If the species you study has miRNAs and is not on this list please e-mail us and we will do our best to add your species of interest to miRvestigator.

Can miRvestigator include viral miRNAs?

For those who study the effects of viral miRNAs on host gene expression we have added the ability to include viral miRNAs. By selecting the Yes radio button the viral miRNAs will be searched along with the host species miRNAs. Note that perfectly overlapping seed seqeunces of a viral miRNA with a host miRNA will be concatenated as we cannot separate these influences. (NOTE: All viral miRNAs are included so you will have to filter them for those that you are interested in, please consult miRBase for the species codes.)

What if I don't have one of your supported gene identifiers (IDs)?
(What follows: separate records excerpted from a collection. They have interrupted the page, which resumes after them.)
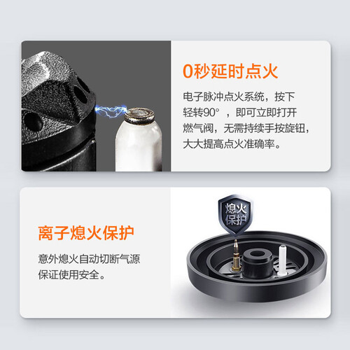采用防爆钢化面板,耐高温抗腐蚀,耐用结实易于清洁。支持离子熄火保护,发生意外时便切断气源,为家人健康安全保驾护航。
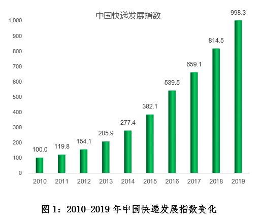 2019年,中國快遞發(fā)展指數(shù)為998.3,同比提高22.6%。從一級指標來看,發(fā)展規(guī)模指數(shù)為2207.1,同比提高25.0%,繼續(xù)保持高速增長態(tài)勢;服務(wù)質(zhì)量指數(shù)為166.0,同比提高24.4%,行業(yè)高質(zhì)量發(fā)展特征明顯;發(fā)展普及指數(shù)為389.0,同比提高3.1%;發(fā)展趨勢指數(shù)為83.2。
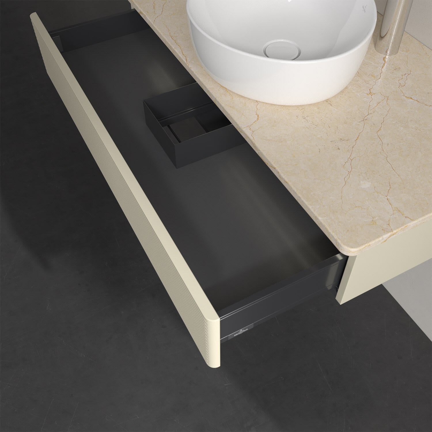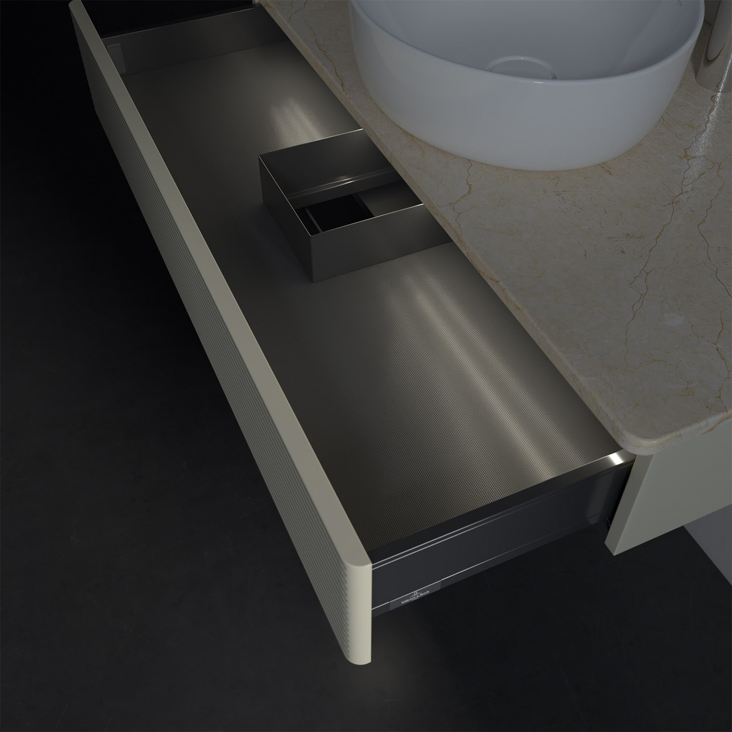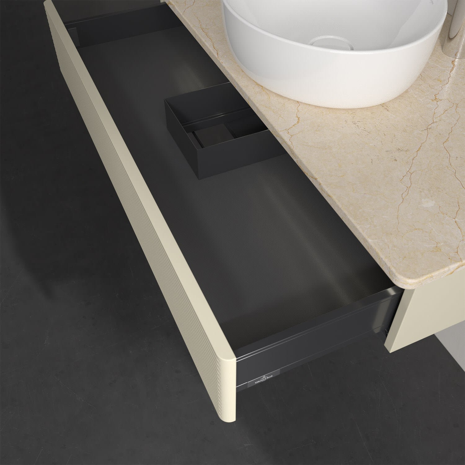 - kein Umfallen oder Verrutschen von Pflegeprodukten in den Schubladen dank rutschhemmendem Boden
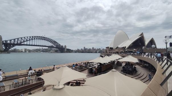 Die Fläche ist nicht klein und beherbergt das weltberühmte Sydney Opera House, die Harbour Bridge, The Rocks, den Royal Botanic Garden, den Ankerplatz für Kreuzfahrtschiffe und den Fährhafen mit Booten in alle Richtungen. Alles für sich alleine schon ein Highlight und dann zusammen nebeneinander. Die Gegend ist unserer Lieblingsspatz Sydneys und halten uns die meiste Zeit dort auf.
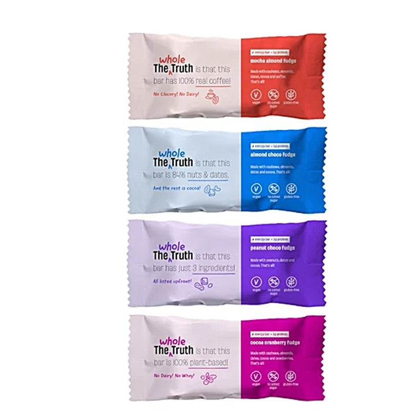 Fuel your day naturally with The Whole Truth Vegan Energy Bar – Fudge, a wholesome and delicious snack for any time of the day.
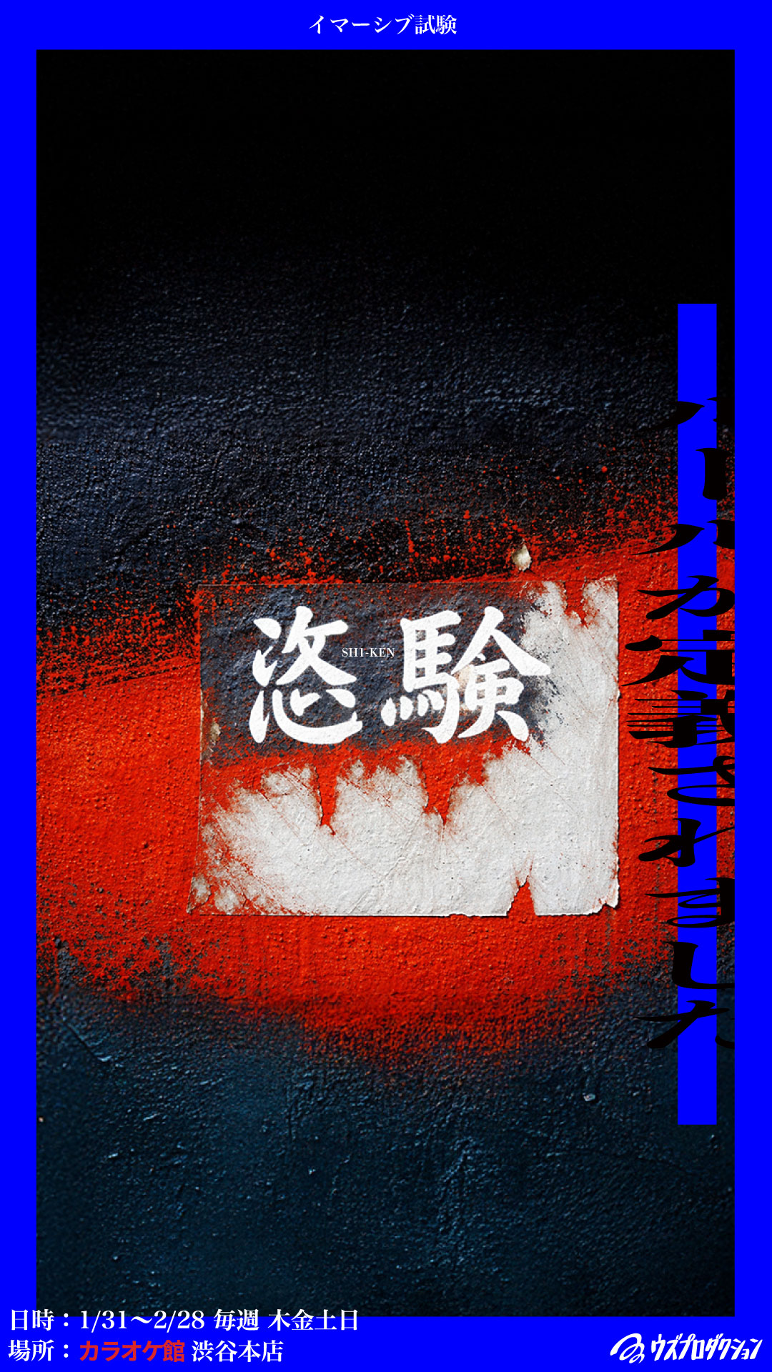 カラオケルームを舞台に行われる、体験型の試験イベント。参加者は、複数の部屋を巡りながら、各部屋に待つ試験官から出題される試験に挑む。
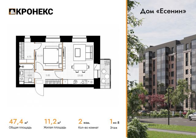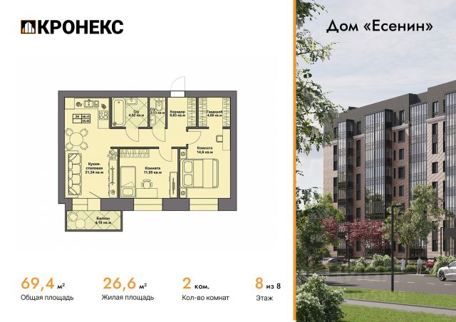 Продается квартира-студия площадью 25.87 кв.м на 1 этаже 8 этажного кирпичного дома в Дом "Есенин" от ГК Кронекс. Добро пожаловать в авторский дом "Есенин" новое слово в городском комфорте. Обширная закрытая территория проекта граничит с сектором низкой застройки, что обеспечивает свободный обзор пространства даже из окон нижних этажей. Район отличается разнообразной сервисной инфраструктурой в 5-10 минутах ходьбы от дома. При этом оживлённость улицы не доставит беспокойства будущим жильцам, благодаря максимальной звукоизоляции окон. Особенной гордостью создателей проекта является авторская ландшафтная архитектура, включающая множество зон для отдыха детей и взрослых, собственный парк и поле для командных спортивных игр. Авторский дом "Есенин" сочетает масштаб и технологичность с тёплой эстетикой и уютной обособленностью, что придётся по душе ценителям камерной атмосферы старого города. Архитектура Фасад дома выполнен в сдержанной цветовой гамме, где кирпичная кладка приятного оттенка гармонично сочетается с темными элементами отделки. Это придает зданию элегантность. Большие окна, обеспечивают отличное естественное освещение в квартирах. Остекленные балконы добавляют современности и функциональности, предоставляя дополнительное пространство для отдыха и наслаждения видами. Купить квартиру в ипотеку в новостройке в Архангельской области.
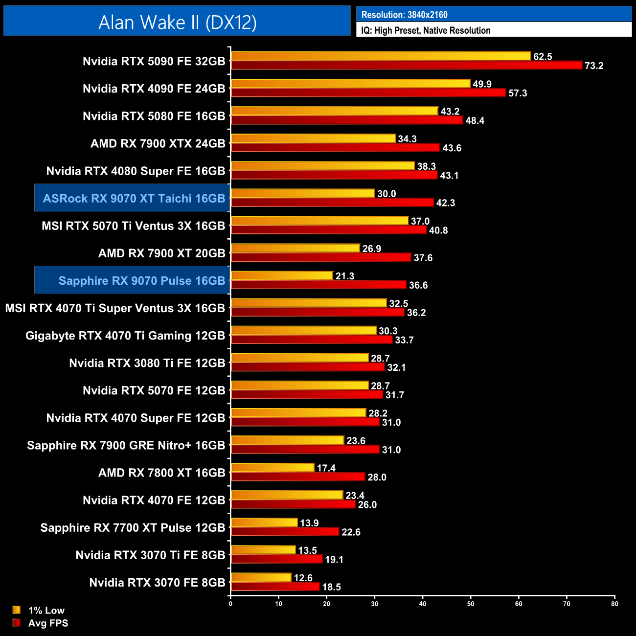 Kicking off with Alan Wake 2, it's a strong start for the RX 9070 XT given it averages 77fps, putting it level with the RTX 4080 Super, and about 6% ahead of the RTX 5070 Ti at 1440p.
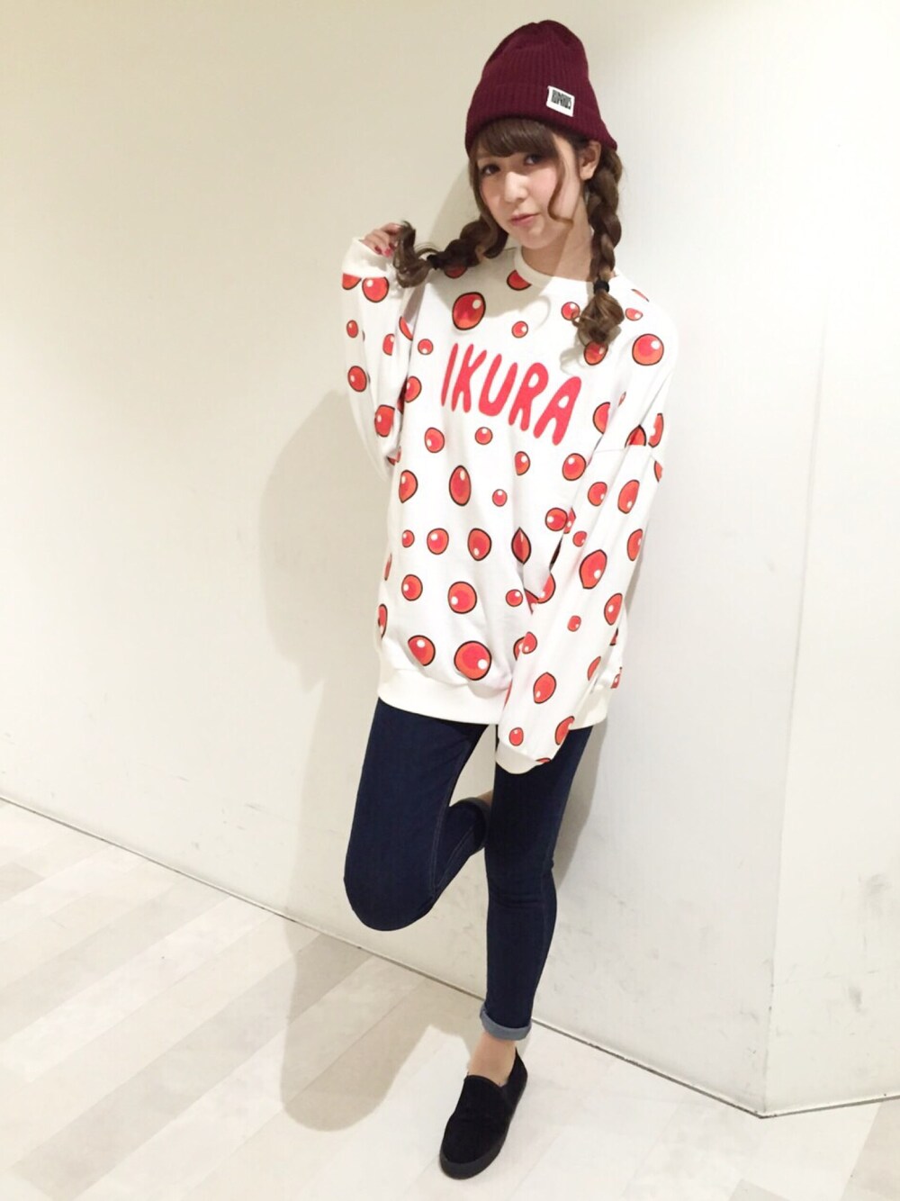 イクラの総柄スウェットを スキニーで合わせた楽ちんコーデ♪♪ ニットキャップの色目も合わせて◎ 足元もスリッポンやスニーカーでアクティブに☆
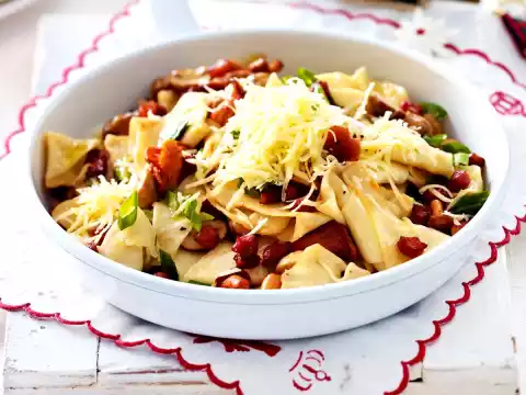Add the stains and bacon to the pan. Fry everything briefly while turning. Season to taste with salt and pepper. Serve and sprinkle with cheese. Drink tip: dry red wine, e.g. Zweigelt.
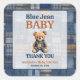 Celebrate the arrival of a little cowboy with this Blue Jean Baby Shower Square Sticker! This charming design features a patchwork denim teddy bear, perfect for a rustic or western-themed baby shower. The classic blue jean aesthetic adds a trendy and gender-neutral touch, making it ideal for celebrating a baby boy. Customize the details effortlessly to create the perfect theme for your special event.
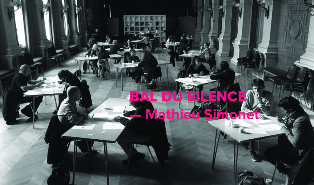 Outre les balades créatives qu’il crée aux Aubiers et la Benauge, Mathieu Simonet propose pour Chahuts un bal du silence : des couples, crées de manière aléatoire, communiquent par écrit.
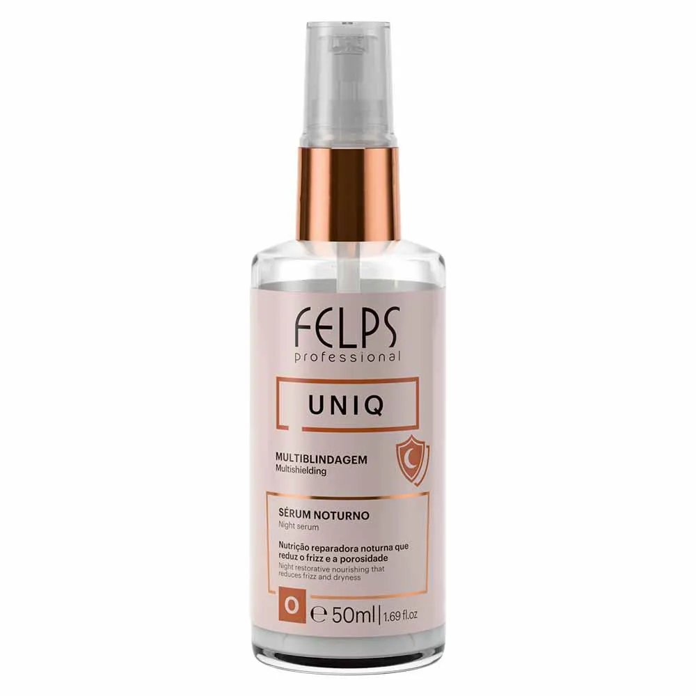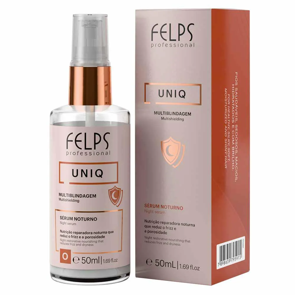O Felps Uniq 6 em 1 Sérum Noturno é um tratamento multifuncional para cabelos, desenvolvido para atuar durante a noite enquanto a pessoa dorme. Seu objetivo principal é transformar a saúde capilar, oferecendo múltiplas ações como redução de frizz, proteção da cor, hidratação profunda, fortalecimento das pontas e proporcionando brilho radiante aos fios.
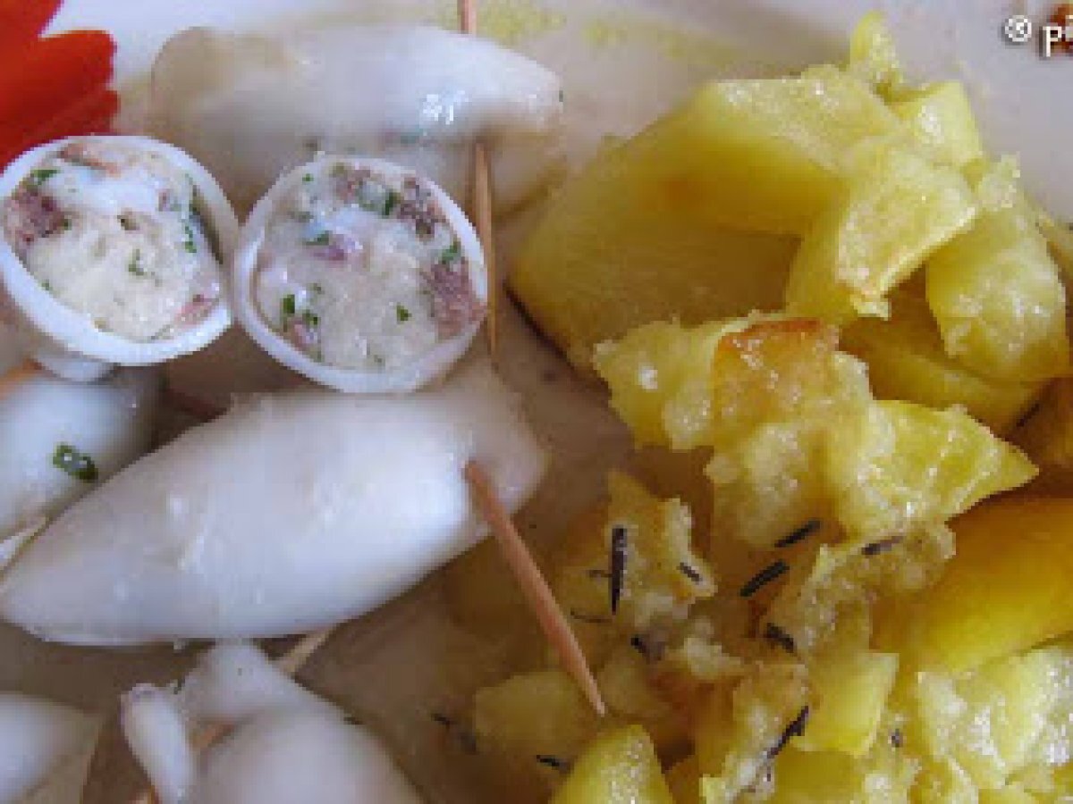 Calamari ripieni al forno Portata principalefacile55 min457 Kcal Invia questa ricetta ad un amico Stampa la ricetta Contatta l'autore della Ricetta Pubblica la foto di questa ricetta Ingredienti 2 400 g di calamari 2 filetti di acciuga 40 g di mollica di pane un mazzetto di prezzemolo poco vino bianco olio sale Costo stimato: 7.12Euros€ (3.56€/Porzioni)
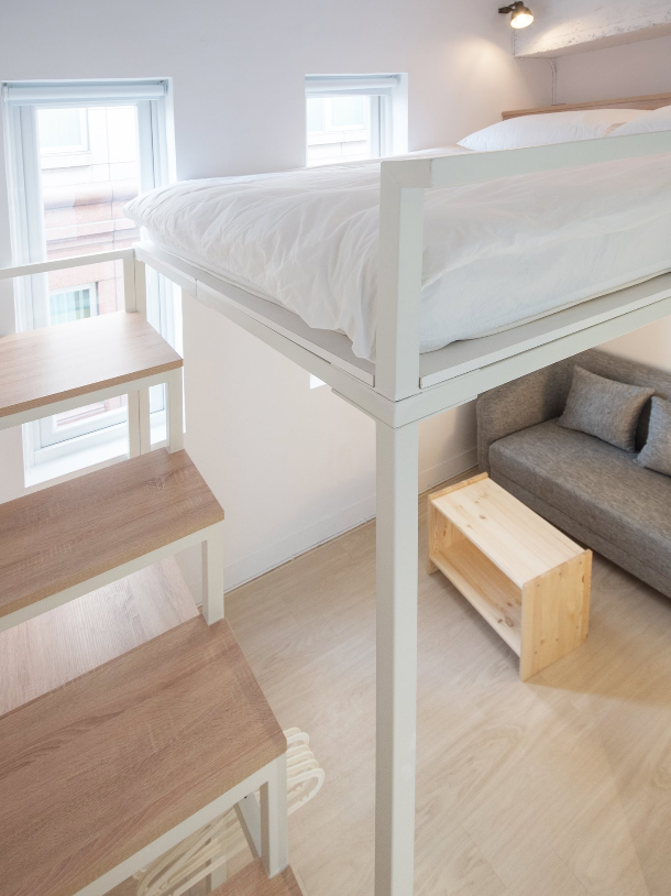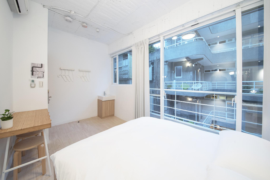 どの部屋も自然光が入る気持ちのよい空間となっており、部屋タイプは、シングル、ダブル、ドミトリーから選べます。部屋には電子ロッカーが設置されてあり、セキュリティー面も安心。
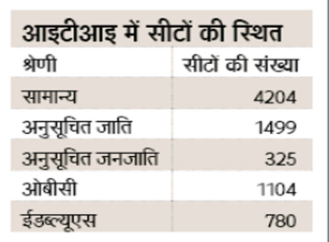 विदित रहे कि पहली बार आर्थिक रूप से कमजोर सवर्ण छात्र-छात्रओं को ईडब्ल्यूएस का लाभ देते हुए प्रदेश की 88 आइटीआइ में 780 सीटें आर्थिक रूप से कमजोर सवर्ण छात्र-छात्रओं के लिए आरक्षित हैं। इनमें से करीब डेढ़ सौ सीटें ही भरी हैं। प्रदेश भर की आइटीआइ की 7912 सीटों के लिए 11501 छात्र-छात्रओं को मेरिट में स्थान दिया गया था। नेशनल काउंसिल फॉर वोकेशनल ट्रेनिंग (एनसीवीटी) के तहत संचालित प्रदेशभर के 88 राजकीय औद्योगिक प्रशिक्षण संस्थानों (आइटीआइ) की काउंसिलिंग के लिए 15293 छात्र-छात्रओं ने आवेदन किया था, विभाग के प्रशिक्षण एवं सेवायोजन निदेशालय ने मेरिट लिस्ट छात्र-छात्रओं की च्वाइस फिलिंग के आधार पर तैयार की। प्रदेश में एनसीवीटी आइटीआइ के 32 ट्रेडों में दाखिला हुए। राजकीय औद्योगिक प्रशिक्षण संस्थान (आइटीआइ) में नेशनल काउंसिल फॉर वोकेशनल ट्रेनिंग (एनसीवीटी) के तहत संचालित ट्रेडों में इस बार छात्रों को प्रवेश परीक्षा से नहीं गुजरना पड़ा। आठ से 11 अगस्त तक छात्रों ने ऑनलाइन काउंसिलिंग में पंजीकरण, च्वाइस फिलिंग व च्वाइस लॉक की। इसकी पुष्टि प्रशिक्षण एवं सेवायोजन निदेशालय के उपनिदेशक जेएस नेगी ने की।
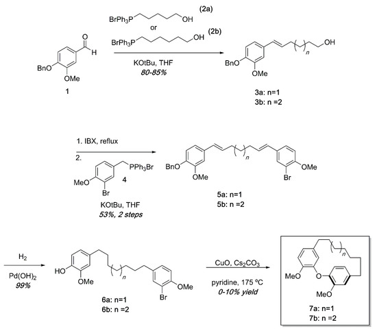 Ullmann substrates were prepared containing varying tether lengths using successive Wittig reactions as shown in Scheme 1. Beginning with commercially available 1 and the known Wittig reagents 2a and 2b [26], styrenes 3a and 3b could easily be accessed in high yields. Oxidation of the primary alcohol [27] and a second Wittig reaction with the known Wittig salt 4 led to dienes 5 in modest yields. Hydrogenation of 5a or 5b proceeded quantitatively to deliver the Ullmann substrates 6a and 6b. Ullmann coupling was attempted using various conditions including using K2CO3 or Cs2CO3 as base, temperatures from 130–210 °C, and Pd(OAc)2 catalysis [28]. After extensive reaction optimization, we found that the cyclization occurred in 0–10% yields in pyridine using CuO as a catalyst and Cs2CO3 as a base in a sealed tube at 175 °C. To avoid intermolecular Ullmann coupling, each reaction required high dilutions (0.005 M or less). In previous synthetic efforts, similar Ullman couplings with low yields are not unprecedented [24]. An additional frustration was that the high heat required for the reactions led to complex mixtures that were difficult to separate by chromatography. The combination of high dilution, low yields, and complex reaction mixtures made isolation of reasonable quantities of diarylether cyclophanes unsustainable by this synthetic pathway.

Currently the miRvestigator framework is able to take Entrez gene IDs, Ensembl gene IDs, RefSeq transcript IDs and official gene symbols as input. To convert any other type of identifier to Entrez gene IDs please use the DAVID bioinformatics resource gene ID conversion tool. The DAVID gene ID conversion tool has a great help page please visit it if you have any questions.

What types of delimiters can be entered into the form?

You can enter the gene IDs separated by commas, spaces, tabs or newlines.

Loading and Using Sample Data

Load the data by simply clicking the button with the corresponding miRNA on it, which will load the data and setup any parameters. Then click the submit button at the bottom of the page.

Where does the sample data come from?

For the H. sapiens (human) sample data are co-expression signatures reduced to Entrez ID gene lists from studies where a miRNA was experimentally perturbed and the resultant effect ascertained by transcriptome measurements (e.g. gene expression microarray). To provide a working sample dataset for other species where an experimentally perturbed datasets were not yet available we utilized TargetScan miRNA target mRNA predictions for miR-1.

Parameters for Weeder
What is Weeder?

Weeder is an enumerative algorithm used to identify over-represented sequence motifs in the miRvestigator framework.

What are the motif sizes?

Weeder identifies both 6 base-pair (bp) and 8bp motifs for each run. Using this option it is possible to choose which motif size is subsequently used in the miRvestigator HMM is set by this option. Picking only one of the motif sizes will make the run faster. By default we have chosen to use 8bp motifs. (Note: It is possible that the 6bp motif and the 8bp motif will be different.)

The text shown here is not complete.